[Opening Material for the task section]

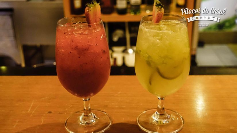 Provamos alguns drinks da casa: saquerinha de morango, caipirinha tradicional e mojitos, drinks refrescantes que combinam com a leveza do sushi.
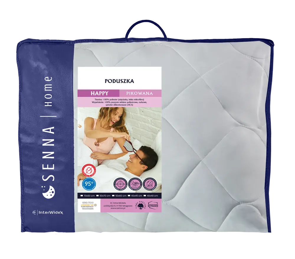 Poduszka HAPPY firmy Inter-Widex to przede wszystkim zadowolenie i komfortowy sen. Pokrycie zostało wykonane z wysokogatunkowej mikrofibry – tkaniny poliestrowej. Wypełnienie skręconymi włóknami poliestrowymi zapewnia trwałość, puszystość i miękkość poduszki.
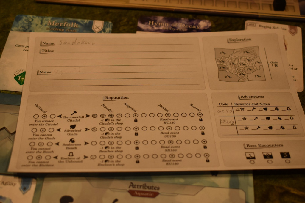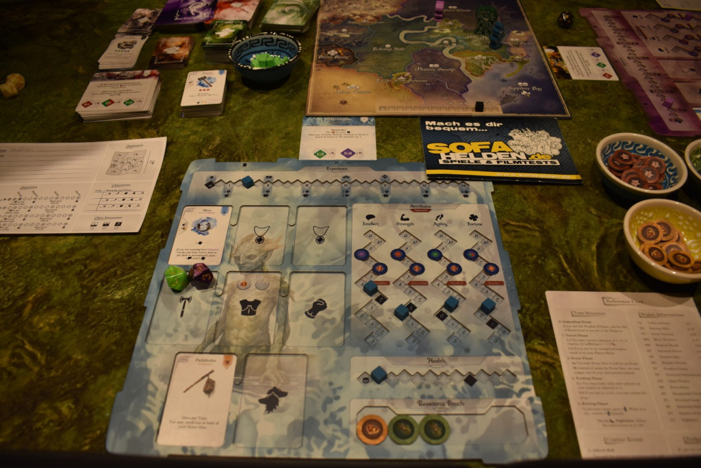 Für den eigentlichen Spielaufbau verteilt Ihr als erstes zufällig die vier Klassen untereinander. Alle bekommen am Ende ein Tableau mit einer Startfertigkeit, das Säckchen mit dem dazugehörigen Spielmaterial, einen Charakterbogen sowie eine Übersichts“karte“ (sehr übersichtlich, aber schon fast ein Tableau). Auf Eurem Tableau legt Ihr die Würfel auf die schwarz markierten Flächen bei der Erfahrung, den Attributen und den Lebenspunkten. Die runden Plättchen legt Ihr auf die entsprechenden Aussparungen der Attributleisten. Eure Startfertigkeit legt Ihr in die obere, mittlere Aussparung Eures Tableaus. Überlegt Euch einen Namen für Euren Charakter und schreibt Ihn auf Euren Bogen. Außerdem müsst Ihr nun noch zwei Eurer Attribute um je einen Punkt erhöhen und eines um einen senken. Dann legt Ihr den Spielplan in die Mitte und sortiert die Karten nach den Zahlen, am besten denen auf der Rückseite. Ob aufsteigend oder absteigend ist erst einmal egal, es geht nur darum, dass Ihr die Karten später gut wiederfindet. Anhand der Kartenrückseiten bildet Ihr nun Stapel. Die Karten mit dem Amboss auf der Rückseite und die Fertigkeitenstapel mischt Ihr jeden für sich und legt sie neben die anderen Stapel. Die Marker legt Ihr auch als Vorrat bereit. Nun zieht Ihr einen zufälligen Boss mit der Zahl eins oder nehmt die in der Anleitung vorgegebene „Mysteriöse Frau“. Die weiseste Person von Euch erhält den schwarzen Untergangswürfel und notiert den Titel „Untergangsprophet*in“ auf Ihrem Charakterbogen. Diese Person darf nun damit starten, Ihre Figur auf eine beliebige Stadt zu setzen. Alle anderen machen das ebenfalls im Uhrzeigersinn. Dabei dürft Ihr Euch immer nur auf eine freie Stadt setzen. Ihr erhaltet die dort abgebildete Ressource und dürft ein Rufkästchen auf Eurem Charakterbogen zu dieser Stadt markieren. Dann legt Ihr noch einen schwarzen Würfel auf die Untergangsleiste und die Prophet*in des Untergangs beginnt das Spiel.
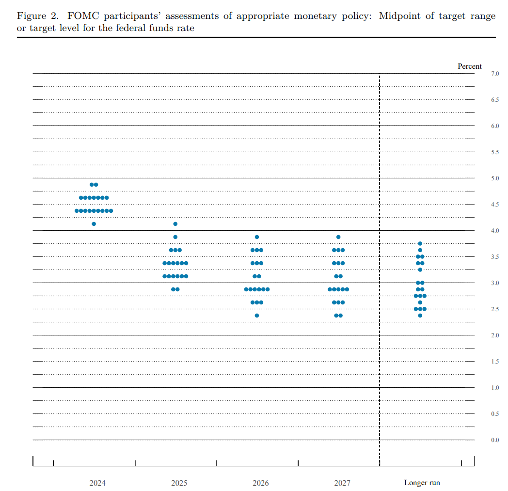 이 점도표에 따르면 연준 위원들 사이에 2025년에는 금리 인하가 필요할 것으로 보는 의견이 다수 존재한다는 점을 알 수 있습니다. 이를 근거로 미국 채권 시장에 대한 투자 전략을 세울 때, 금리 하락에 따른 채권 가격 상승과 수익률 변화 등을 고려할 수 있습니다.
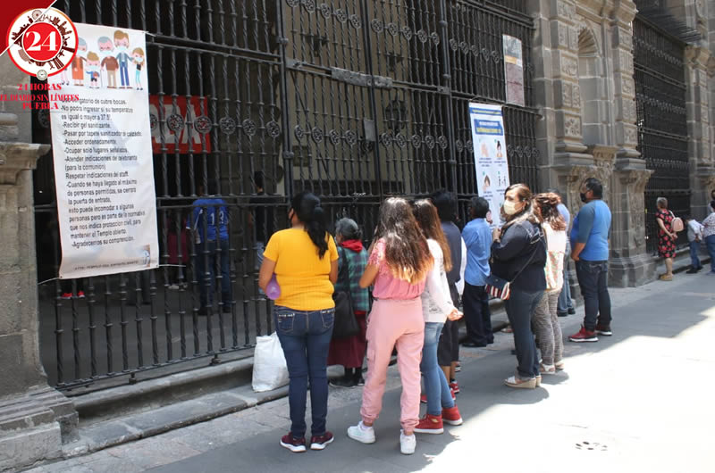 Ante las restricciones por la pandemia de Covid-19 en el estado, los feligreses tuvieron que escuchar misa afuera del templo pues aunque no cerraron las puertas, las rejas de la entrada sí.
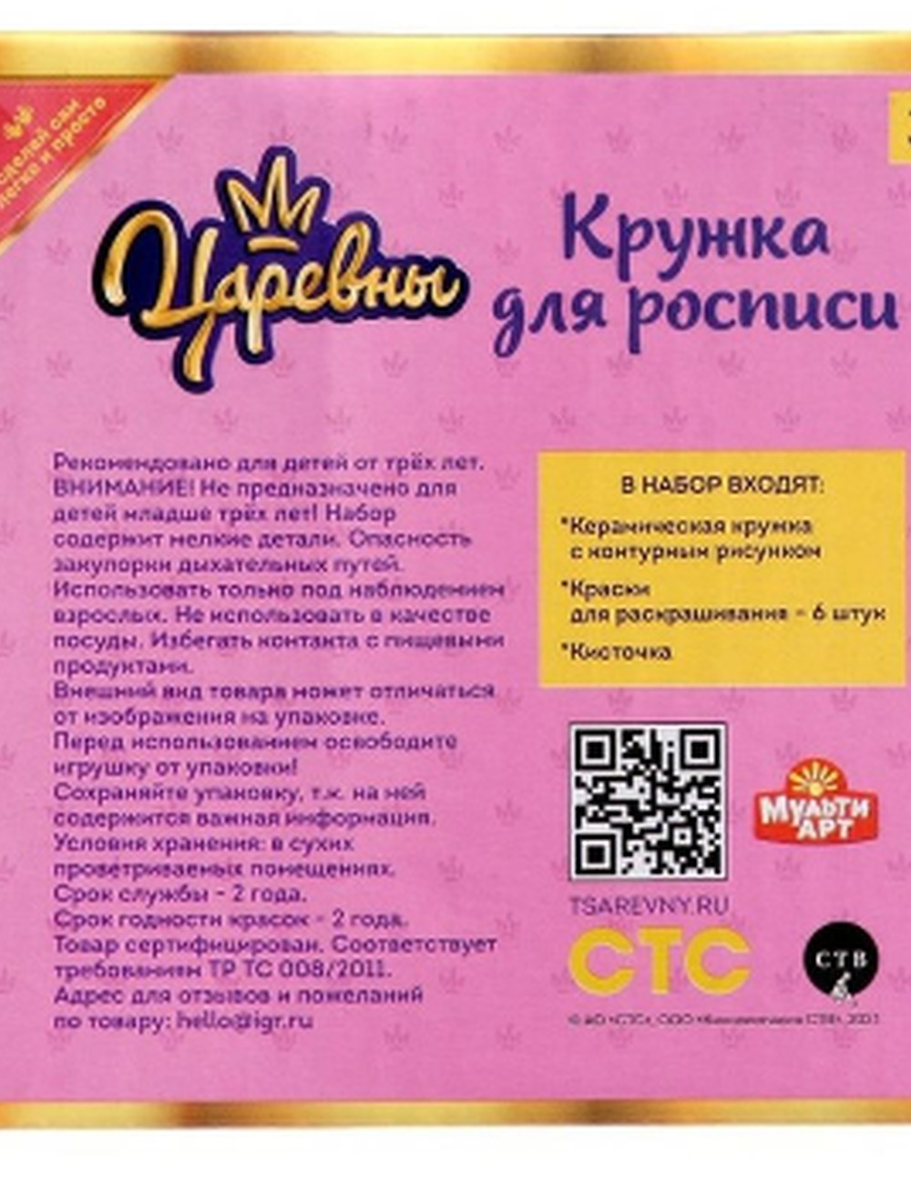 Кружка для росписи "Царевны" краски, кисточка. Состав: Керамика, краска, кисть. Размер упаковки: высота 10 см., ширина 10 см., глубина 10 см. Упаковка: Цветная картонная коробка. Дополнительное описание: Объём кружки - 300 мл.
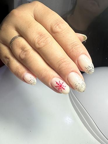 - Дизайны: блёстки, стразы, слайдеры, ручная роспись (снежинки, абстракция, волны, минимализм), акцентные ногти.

[Closing Material for the task section]
[Opening Material for the task section]

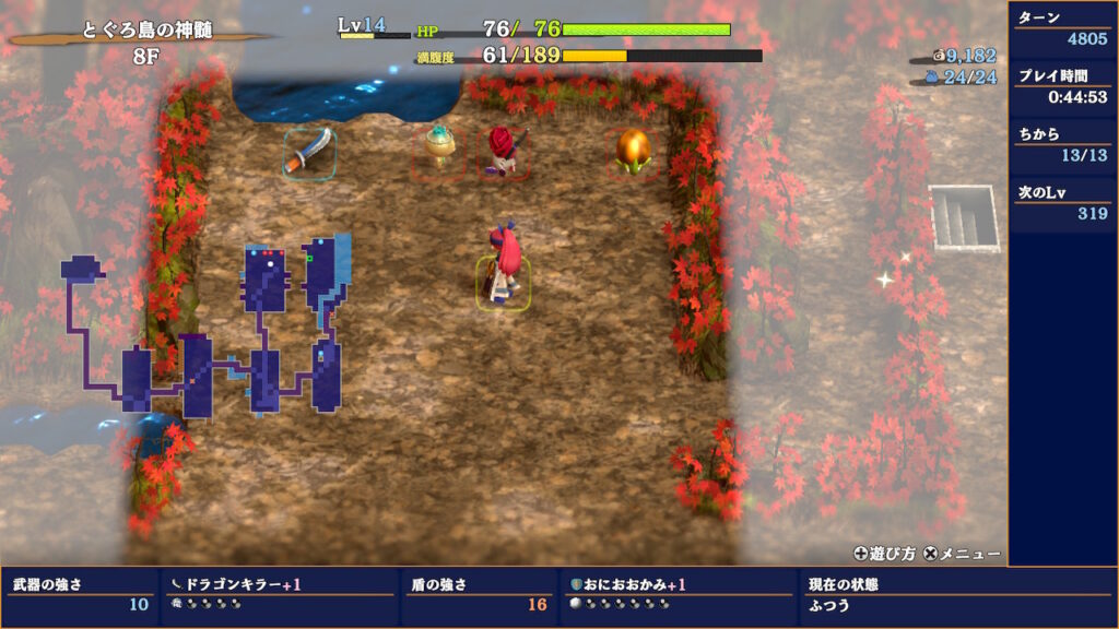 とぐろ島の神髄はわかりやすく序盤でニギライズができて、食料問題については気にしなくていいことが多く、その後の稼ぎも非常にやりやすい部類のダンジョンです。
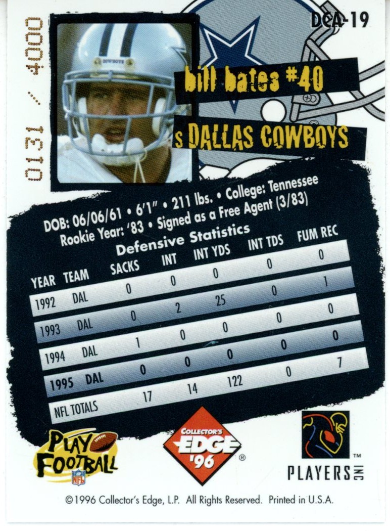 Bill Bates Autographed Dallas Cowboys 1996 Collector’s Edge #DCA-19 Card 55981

[Closing Material for the task section]

#### What needs to be done
Within the material above, only the stretch from the line holding "Ante las restricciones" through the line holding "Кружка для росписи" is to be restated exactly. Pictures are dropped.

#### Exercise result
 Ante las restricciones por la pandemia de Covid-19 en el estado, los feligreses tuvieron que escuchar misa afuera del templo pues aunque no cerraron las puertas, las rejas de la entrada sí.
 Кружка для росписи "Царевны" краски, кисточка. Состав: Керамика, краска, кисть. Размер упаковки: высота 10 см., ширина 10 см., глубина 10 см. Упаковка: Цветная картонная коробка. Дополнительное описание: Объём кружки - 300 мл.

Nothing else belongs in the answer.